Никакое перо не в состоянии описать, в каких пугал удалось нам превратить себя. У Натальи часто шла носом кровь. Закапав кровью гимнастерку, она не стала ее стирать и гордо ходила с кровавыми пятнами на груди. Хатковская носила гимнастерку навыпуск, юбка была ненамного длиннее, что придавало моей подруге несомненное сходство с «мальчиком без штанов» у Салтыкова-Щедрина. Что касается меня, то однажды Саня-Ваня, не вытерпев, подвел меня за руку к зеркалу и спросил, не стыдно ли мне. Гимнастерка моя, с плеча какого-то громадного детины, стираная-перестираная, древнего образца, изящным мешком драпировалась на моей стройной фигуре.

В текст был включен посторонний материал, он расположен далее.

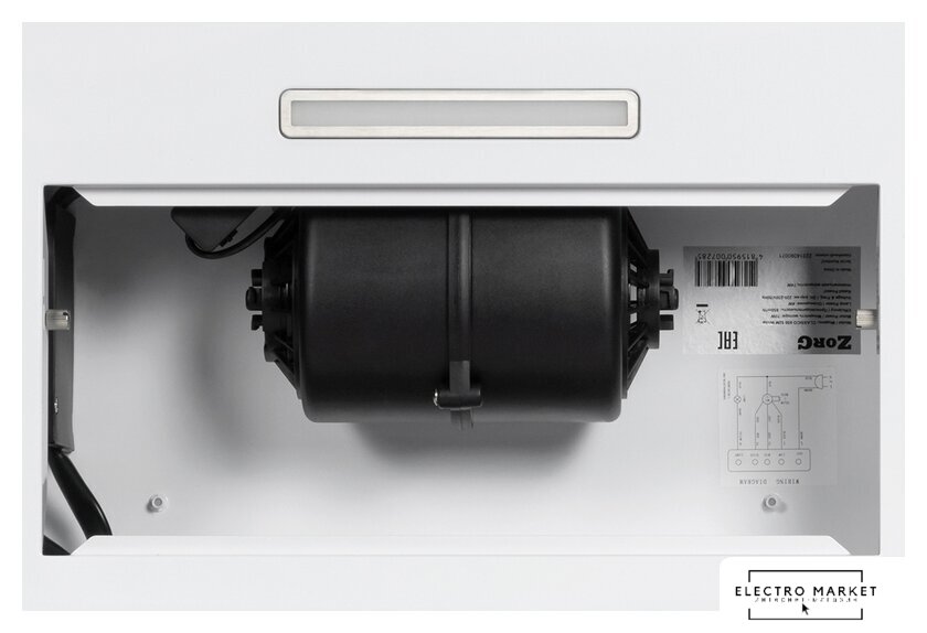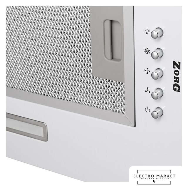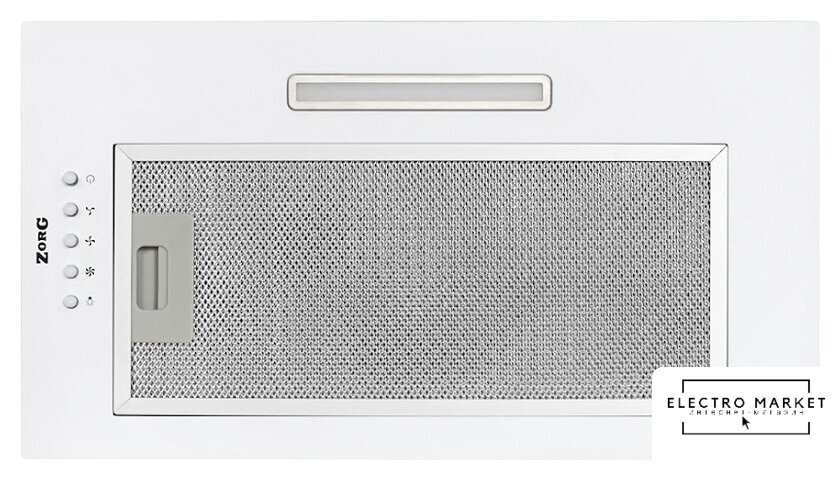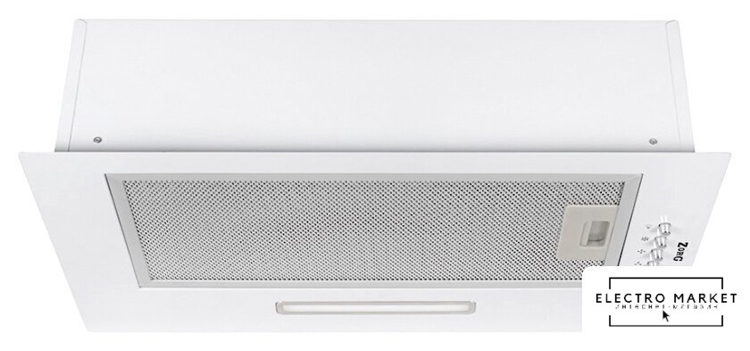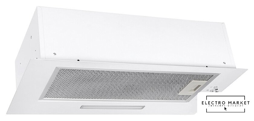 конструкция телескопическая, монтаж для встраивания, ширина 59.8 см, управление механическое/кнопочное, производительность мотора 650 м³/ч, цвет белый

Попытки Сани-Вани ввести заодно форменные юбки успеха не имели. По школе поползли двустишия:
- Завыли жалобно собаки,
- Увидев юбку цвета хаки
и
- Во избежание позора
- Не придушить ли нам майора.
Саня-Ваня не терял бодрости и начал активную подготовку к районному смотру строя и песни. Мы забросили даже разбирание и собирание автомата Калашникова и принялись наводить глянец на внешность. Торжествуя, Саня-Ваня приволок белые ремни и пилотки и раздал нам. Последние жалкие остатки партикулярности были задушены белыми ремнями.
Я сидела у окна, в пилотке, с двумя косичками, в огромной гимнастерке, и смотрела, как кот крадется по двору. Из-за стены доносилось бумкание рояля и детские голоса. Там шел урок пения. Дети старательно пели:
- Товарищ мой, со мною вместе пой,
- Идем со мной дорогою одной,
- В одном строю плечо-плечо-плечо
- Шагают те, в ком сердце горячо
(бум-бум-бум!)
- В одно-ом строю-у!..
Мы тоже это пели. Кто пел: «К плечу прижав плечо», а кто – «Плечо прижав к плечу», и от этого получалось «плечо-плечо-плечо».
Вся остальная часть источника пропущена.